本発明は、太陽光パネル設置用架台、及び、太陽光パネル設置用架台を据え付ける方法に係り、特に、平坦な床面周りに配置された立壁部を有する屋根に太陽光パネルを設置するために用いられる太陽光パネル設置用架台、及び、当該太陽光パネル設置用架台を据え付ける方法に関する。

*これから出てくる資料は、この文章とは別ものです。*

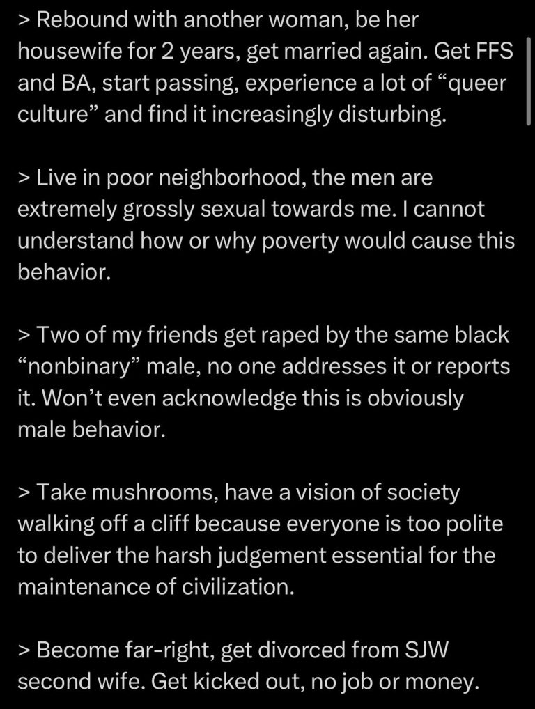Over time, I learned more bits and pieces about what had happened. I found out that a different Black transfemme felt that if she had spoken up for me, her housing would have been threatened because she lived with one of the people involved. I find out the doll from the last paragraph has not only posted a second, different story about what she claimed happened (fig 8), but later on that she had related to a different person’s tale of sexual violence by “a black ‘nonbinary’ male engaging in obviously male behavior”, stating how she’s “certainly not far right” but “the bit abt society’s unwillingness to visit judgement upon an NB/minority sex pest is uncomfortably relatable”. (fig 9 and fig 10)

陸屋根等の平坦な床面を有する屋根に太陽光パネルを設置するために用いられる架台は、床面に対して固定させておく必要がある。その具体的手段としては、屋根の床面にアンカーボルト等を打ち込み、このアンカーボルトによって架台を固定する方法が考えられる。ただし、この方法では、アンカーボルトの打ち込みによって床面に施された防水層が損傷するので、架台据え付け後に改めて床面の防水処理を行うこととなる。以上のように屋根の床面にアンカーボルトを打ち込む場合には作業の手間が掛かり、その分、施工費用が嵩んでしまう。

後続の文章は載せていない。